■ Exercise objective ■
Print the data below again in full, exactly as it stands, with no images.

■ Input data ■
_ _ _ _

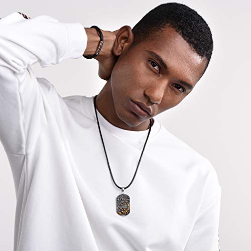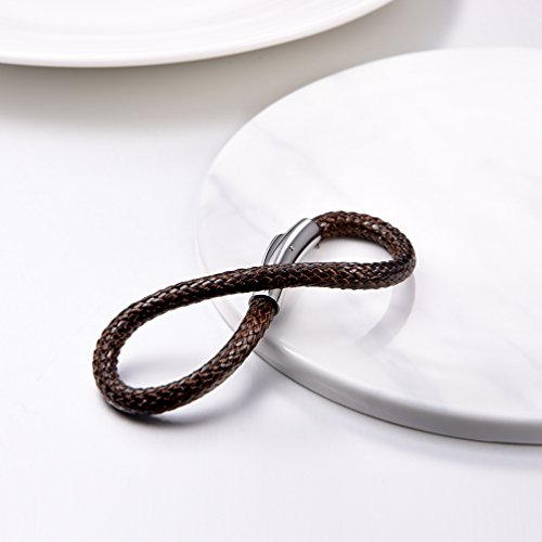 PROSTEEL Bracciale Uomo in Pelle Nera Marrone, Chiusura di Acciaio 01 Marrone
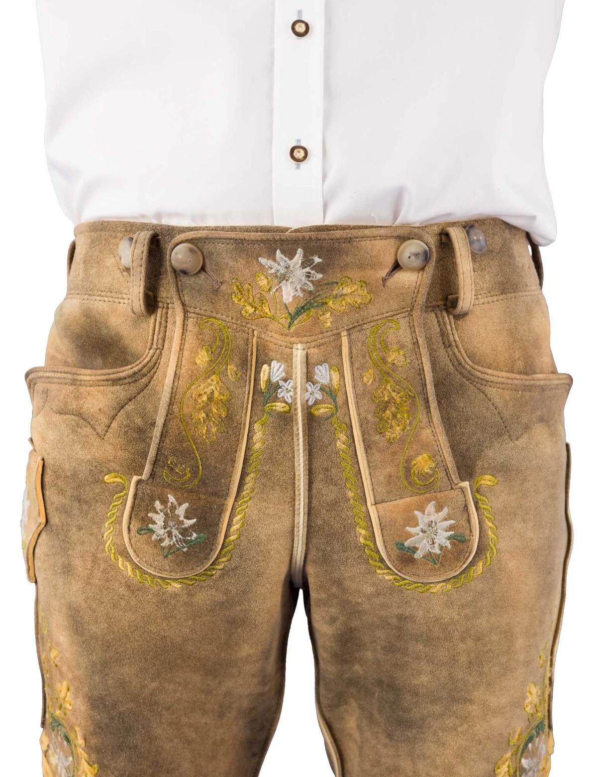 Meindl Lederhose Spitzingsee Altschwarz – mit ausgefallener Stickerei: Die kurze Lederhose Spitzingsee von Meindl in der Farbe Altschwarz beeindruckt mit prachtvoller Stickerei in Weiß, Gelb und Grün und einem ungewöhnlichen Motiv. Das Edelweiß prangt in zahlreichen Versionen auf dem Hosenlatz und an den Hosenbeinen. Auffallende Ziersteppnähte auf den Vorderteilen, den vorderen Einschubtaschen und am Bund ergänzen die Stickerei, die perfekt mit dem hellen Ton der sämisch gegerbten Hirschhaut harmoniert.
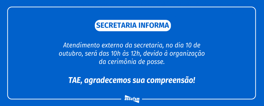 Atenção TAE, a Secretaria da Assufsm terá horário diferenciado na sexta-feira, 10 de outubro, devido a organização da Cerimônia de Posse da gestão Assufsm 2025/2027, funcionando externamente das 10h às 12h, por tanto, antecipe seu atendimento. A cerimônia de posse ocorrerá na sexta-feira (10), às 15h, no Salão Imembuí, no segundo andar do prédio da […]

_ _ _ _

■ Exercise output ■
 PROSTEEL Bracciale Uomo in Pelle Nera Marrone, Chiusura di Acciaio 01 Marrone
 Meindl Lederhose Spitzingsee Altschwarz – mit ausgefallener Stickerei: Die kurze Lederhose Spitzingsee von Meindl in der Farbe Altschwarz beeindruckt mit prachtvoller Stickerei in Weiß, Gelb und Grün und einem ungewöhnlichen Motiv. Das Edelweiß prangt in zahlreichen Versionen auf dem Hosenlatz und an den Hosenbeinen. Auffallende Ziersteppnähte auf den Vorderteilen, den vorderen Einschubtaschen und am Bund ergänzen die Stickerei, die perfekt mit dem hellen Ton der sämisch gegerbten Hirschhaut harmoniert.
 Atenção TAE, a Secretaria da Assufsm terá horário diferenciado na sexta-feira, 10 de outubro, devido a organização da Cerimônia de Posse da gestão Assufsm 2025/2027, funcionando externamente das 10h às 12h, por tanto, antecipe seu atendimento. A cerimônia de posse ocorrerá na sexta-feira (10), às 15h, no Salão Imembuí, no segundo andar do prédio da […]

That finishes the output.